Restate the following data in its entirety, word for word and without images.

Data segment »
★ ★ ★ ★ ★ ★ ★

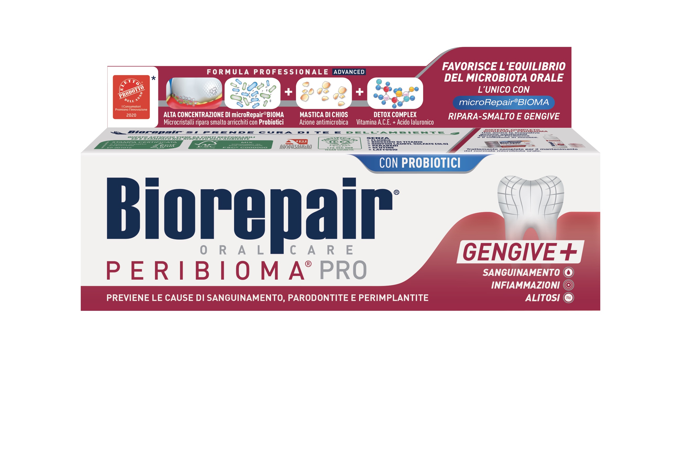 Hambapasta Biorepair Peribioma on mõeldud võitlemiseks igemepõletiku, halva suulõhna ja igemete veritsemise vastu. Toote ainulaadne koostis põhineb microRepair®BIOMA hambaemaili parandavatel mikrokristallidel, millele on lisatud hoolikalt valitud probiootikume (Bifido- ja lactobakterid), need aitavad taastada suuõõne normaalse mikrofloora ning kaitsta peamiste suuõõne põletike põhjustajate eest. Koostis on rikastatud antibakteriaalse toimega Chiose mastiksiga, antioksüda...
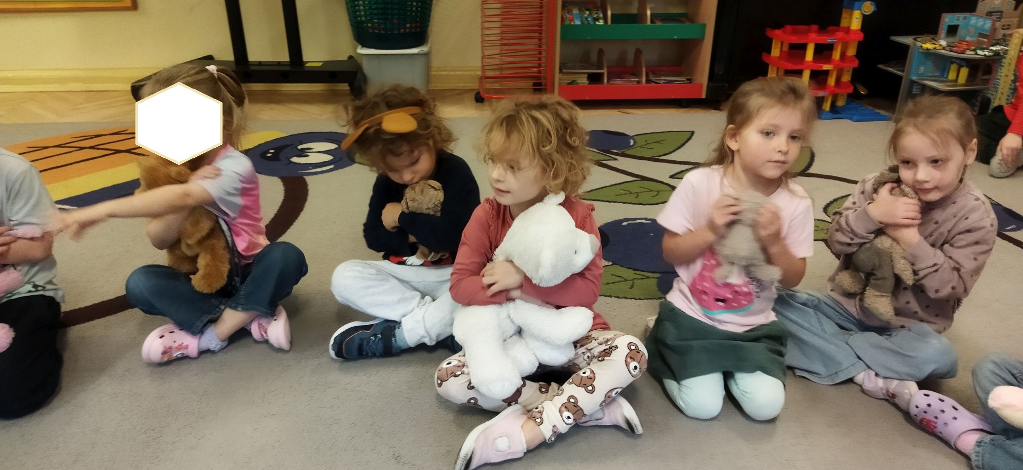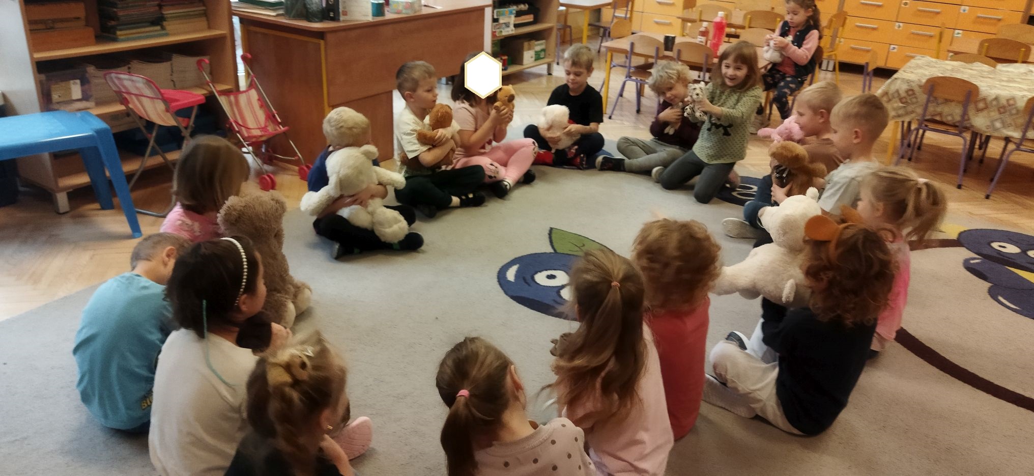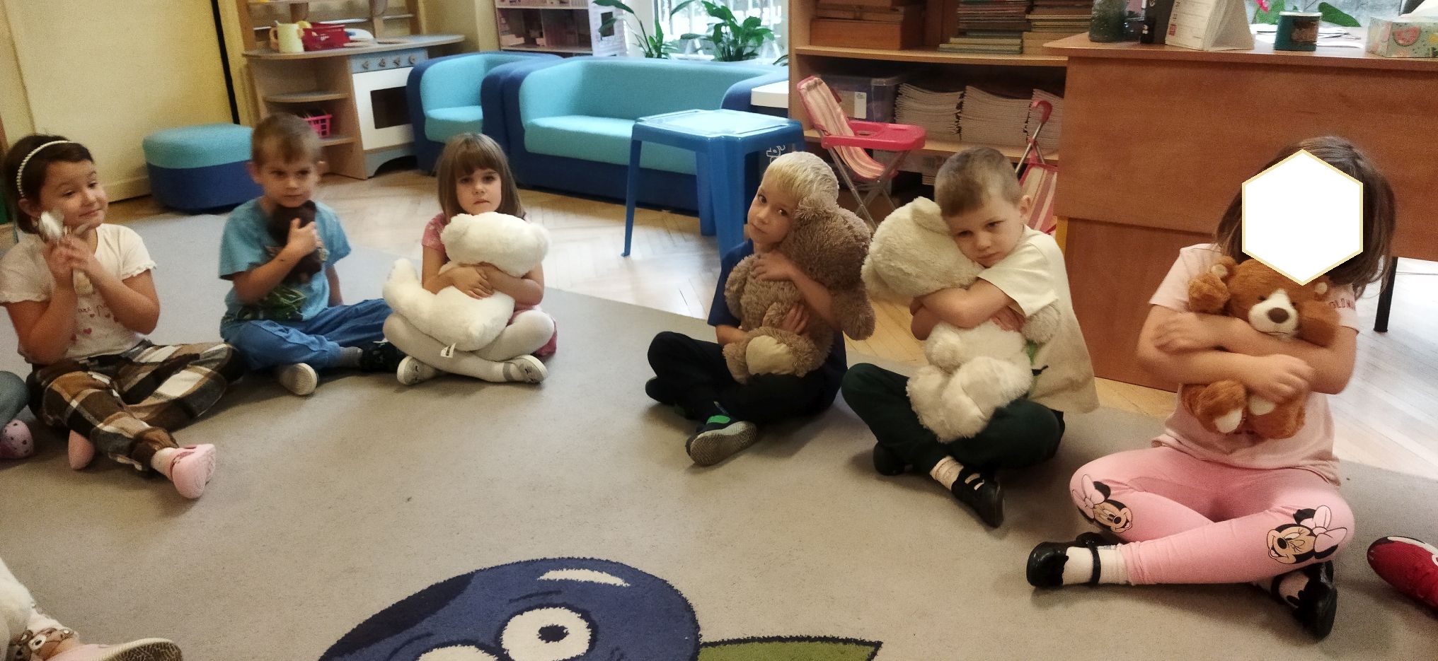 Tego dnia każde dziecko przyniosło z domu swojego ulubionego misia. Przedszkolaki opowiadały o swoich pluszowych przyjaciołach, mówiły, jak mają na imię. Po zabawie słownej odbyły się zabawy integracyjne z wykorzystaniem misiów.
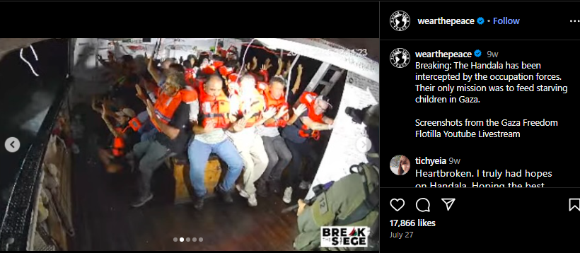 ویئر دی پیس نامی انسٹاگرام پر اپلوڈ کی گئی ایک پوسٹ میں وائرل ویڈیو کے حوالے سے بتایا گیا کہ یہ کاروائی جولائی 2025 میں پیش آئی، جب اسرائیلی فورسز نے “حنظلہ” نامی امدادی جہاز پر بین الاقوامی پانیوں میں چھاپہ مارا تھا۔ پوسٹ کے مطابق یہ جہاز فریڈم فلوٹیلا کا حصہ تھا، جو کئی ممالک کے کارکنان کے ساتھ غزہ کی عوا، تک امداد پہنچانے کی کوشش کر رہا تھا۔ اس پوسٹ میں بھی پاکستانی سینیٹر مشتاق احمد خان کی موجودگی کا ذکر نہیں ہے۔
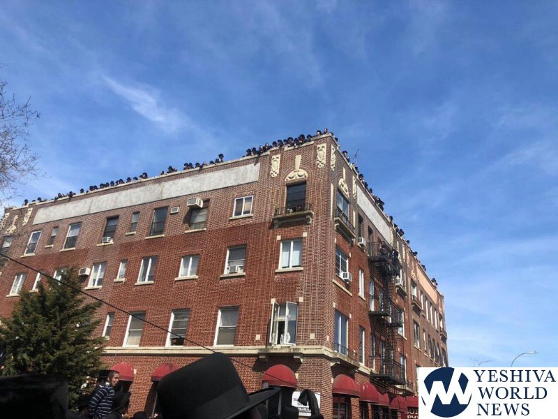 12:45PM ET: Rooftop footage of thousands following behind the Aron of the Skulener Rebbe following the Levaya.

★ ★ ★ ★ ★ ★ ★

Reply to the task »
 Hambapasta Biorepair Peribioma on mõeldud võitlemiseks igemepõletiku, halva suulõhna ja igemete veritsemise vastu. Toote ainulaadne koostis põhineb microRepair®BIOMA hambaemaili parandavatel mikrokristallidel, millele on lisatud hoolikalt valitud probiootikume (Bifido- ja lactobakterid), need aitavad taastada suuõõne normaalse mikrofloora ning kaitsta peamiste suuõõne põletike põhjustajate eest. Koostis on rikastatud antibakteriaalse toimega Chiose mastiksiga, antioksüda...
 Tego dnia każde dziecko przyniosło z domu swojego ulubionego misia. Przedszkolaki opowiadały o swoich pluszowych przyjaciołach, mówiły, jak mają na imię. Po zabawie słownej odbyły się zabawy integracyjne z wykorzystaniem misiów.
 ویئر دی پیس نامی انسٹاگرام پر اپلوڈ کی گئی ایک پوسٹ میں وائرل ویڈیو کے حوالے سے بتایا گیا کہ یہ کاروائی جولائی 2025 میں پیش آئی، جب اسرائیلی فورسز نے “حنظلہ” نامی امدادی جہاز پر بین الاقوامی پانیوں میں چھاپہ مارا تھا۔ پوسٹ کے مطابق یہ جہاز فریڈم فلوٹیلا کا حصہ تھا، جو کئی ممالک کے کارکنان کے ساتھ غزہ کی عوا، تک امداد پہنچانے کی کوشش کر رہا تھا۔ اس پوسٹ میں بھی پاکستانی سینیٹر مشتاق احمد خان کی موجودگی کا ذکر نہیں ہے۔
 12:45PM ET: Rooftop footage of thousands following behind the Aron of the Skulener Rebbe following the Levaya.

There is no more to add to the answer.